I've been task with kind of summarising a few files into a tsv file. I have to select specific data from a list of files and write it as a line of tab-seperated columns in a tsv file. Every line in the files have a 'name' as a first column so it is easy to filter data ($1 == "NAME"). One file == one line in tsv. So far I wrote this:
#! /bin/bash
cat > newFile.txt
for f in *.pdb; do
awk '$1 == "ACCESSION" {print $2}' ORS="/t" "$f" >> newFile.txt
awk '$1 == "DEFINITION" {print $2}' ORS="/t" "$f" >> newFile.txt
awk '$1 == "SOURCE" {print $2}' ORS="/t" "$f" >> newFile.txt
awk '$1 == "LOCUS" {print$4}' ORS="/r" "$f" >> newFile.txt
done
Obviously this attrocity of a code does not work. Is it possible to modify what I wrote and complete the task using awk?
Example of a file:
LOCUS \t NM_123456 \t 2000bp \t mRNA
DEFINITION \t Very nice gene from a very nice mouse
ACCESSION \t NM_123456
VERSION \t 1.000
SOURCE \t Very nice mouse
end result:
NM_123456 /t Very nice gene from a very nice mouse /t Very nice mouse /t mRNA
NM_345678 /t Not so nice gene from an angry elephant /t Angry Elephant /t mRNA
"/t" stands for a tab (I did not know how to write it down sorry). Also the example files contain much more information, I just gave a 'header' let's say.

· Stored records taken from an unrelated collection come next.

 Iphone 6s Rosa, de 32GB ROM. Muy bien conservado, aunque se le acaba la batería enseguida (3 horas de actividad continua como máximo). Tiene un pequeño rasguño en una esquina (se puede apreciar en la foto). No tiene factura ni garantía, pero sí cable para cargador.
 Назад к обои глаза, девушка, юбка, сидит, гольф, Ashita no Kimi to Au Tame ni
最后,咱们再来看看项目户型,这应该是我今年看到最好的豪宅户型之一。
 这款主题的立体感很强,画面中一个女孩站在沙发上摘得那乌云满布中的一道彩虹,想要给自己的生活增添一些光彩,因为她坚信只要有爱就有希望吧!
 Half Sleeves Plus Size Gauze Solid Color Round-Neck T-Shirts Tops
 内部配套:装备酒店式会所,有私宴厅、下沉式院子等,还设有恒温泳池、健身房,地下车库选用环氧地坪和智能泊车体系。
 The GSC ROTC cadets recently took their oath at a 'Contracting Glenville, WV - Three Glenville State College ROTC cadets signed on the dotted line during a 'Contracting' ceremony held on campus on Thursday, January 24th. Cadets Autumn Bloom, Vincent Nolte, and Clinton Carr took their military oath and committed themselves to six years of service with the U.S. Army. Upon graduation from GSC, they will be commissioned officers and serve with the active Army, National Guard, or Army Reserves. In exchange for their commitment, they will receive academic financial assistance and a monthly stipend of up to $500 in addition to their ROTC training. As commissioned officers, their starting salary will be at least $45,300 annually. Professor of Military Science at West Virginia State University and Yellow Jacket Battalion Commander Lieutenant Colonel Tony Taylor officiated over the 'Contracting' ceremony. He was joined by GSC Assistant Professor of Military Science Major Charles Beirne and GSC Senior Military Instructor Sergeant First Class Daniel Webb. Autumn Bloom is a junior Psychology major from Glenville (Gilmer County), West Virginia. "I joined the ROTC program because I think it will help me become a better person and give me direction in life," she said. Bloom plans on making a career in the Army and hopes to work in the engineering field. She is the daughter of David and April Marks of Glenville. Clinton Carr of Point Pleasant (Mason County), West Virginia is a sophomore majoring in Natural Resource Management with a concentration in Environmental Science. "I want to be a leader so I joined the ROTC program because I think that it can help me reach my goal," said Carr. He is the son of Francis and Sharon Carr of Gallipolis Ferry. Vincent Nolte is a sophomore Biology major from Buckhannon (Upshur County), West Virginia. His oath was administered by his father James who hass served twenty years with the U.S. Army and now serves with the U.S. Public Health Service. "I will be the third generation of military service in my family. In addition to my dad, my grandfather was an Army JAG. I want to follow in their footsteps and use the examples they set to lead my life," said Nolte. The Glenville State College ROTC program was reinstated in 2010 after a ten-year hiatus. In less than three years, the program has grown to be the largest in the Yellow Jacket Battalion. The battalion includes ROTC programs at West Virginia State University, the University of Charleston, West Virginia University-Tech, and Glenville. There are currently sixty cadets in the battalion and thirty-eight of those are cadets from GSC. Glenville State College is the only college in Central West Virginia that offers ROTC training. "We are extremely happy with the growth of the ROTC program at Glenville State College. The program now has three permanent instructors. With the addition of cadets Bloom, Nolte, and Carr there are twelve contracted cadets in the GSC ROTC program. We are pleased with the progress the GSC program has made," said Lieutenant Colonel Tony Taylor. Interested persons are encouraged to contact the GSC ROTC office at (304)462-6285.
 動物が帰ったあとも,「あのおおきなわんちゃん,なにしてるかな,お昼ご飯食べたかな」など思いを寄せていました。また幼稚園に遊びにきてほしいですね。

CodePudding user response:
In plain bash:
for file in *.pdb; do
acc=
def=
src=
loc=
while IFS=$'\t' read -ra fields; do
if [[ ${fields[0]} = "ACCESSION" ]]; then
acc=${fields[1]}
elif [[ ${fields[0]} = "DEFINITION" ]]; then
def=${fields[1]}
elif [[ ${fields[0]} = "SOURCE" ]]; then
src=${fields[1]}
elif [[ ${fields[0]} = "LOCUS" ]]; then
loc=${fields[3]}
fi
done < "$file"
printf '%s\t%s\t%s\t%s\n' "$acc" "$def" "$src" "$loc" >> newFile.txt
done
CodePudding user response:
If every file has those lines in same order in every file, and they appear exactly once per file (no more, no less), you can do this:
awk '
$1 == "ASCESSION" {printf "%s\t", $2}
$1 == "DEFINITION" {printf "%s\t", $2}
$1 == "SOURCE" {printf "%s\t", $2}
$1 == "LOCUS" {print $4}' *.pdb > table.tsv
However, if the order of lines varies, or some files don't have every line, or some files have multiple lines the same (eg SOURCE foo
appears twice), you will need something more complex, like this:
awk '
function print_row(cols) {
for (i=0; i<3; i ) {
printf "%s\t", cols[i]
cols[i] = ""
}
print cols[3]
cols[3] = ""
}
NR!=FNR && FNR==1 {print_row(cols)}
$1 == "ASCESSION" {cols[0] = $2}
$1 == "DEFINITION" {cols[1] = $2}
$1 == "SOURCE" {cols[2] = $2}
$1 == "LOCUS" {cols[3] = $4}
END {print_row(cols)}' *.pdb > table.tsv
It always prints a neat table, with columns lining up correctly, regardless of the order of lines in a file, and even if some lines are missing or occur more than once. If a line occurs more than once, the last occurrence is used.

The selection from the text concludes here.